[Data extracts]

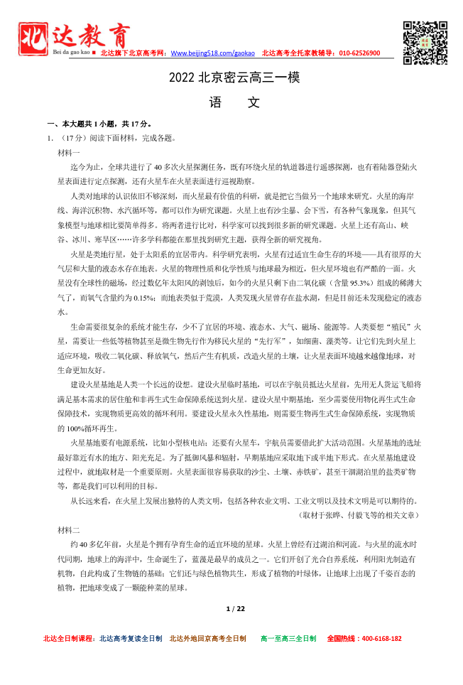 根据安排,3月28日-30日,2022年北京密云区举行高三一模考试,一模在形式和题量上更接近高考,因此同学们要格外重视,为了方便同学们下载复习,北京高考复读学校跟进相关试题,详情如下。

[/Data extracts]
[Data extracts]

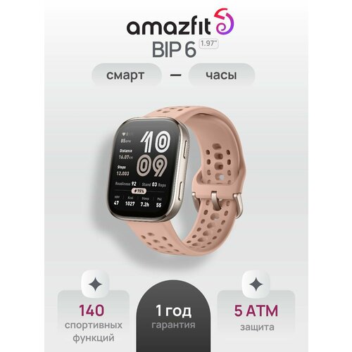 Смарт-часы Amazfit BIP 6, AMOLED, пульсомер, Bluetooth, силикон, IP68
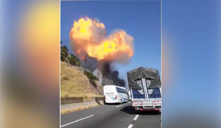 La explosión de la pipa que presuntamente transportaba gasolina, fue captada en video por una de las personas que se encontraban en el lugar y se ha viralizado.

[/Data extracts]

**Problem description**
Above are records; repeat only the lines from the line with "Смарт-часы Amazfit BIP" through the line with "La explosión de", and leave pictures out.

**Response to the task**
 Смарт-часы Amazfit BIP 6, AMOLED, пульсомер, Bluetooth, силикон, IP68
 La explosión de la pipa que presuntamente transportaba gasolina, fue captada en video por una de las personas que se encontraban en el lugar y se ha viralizado.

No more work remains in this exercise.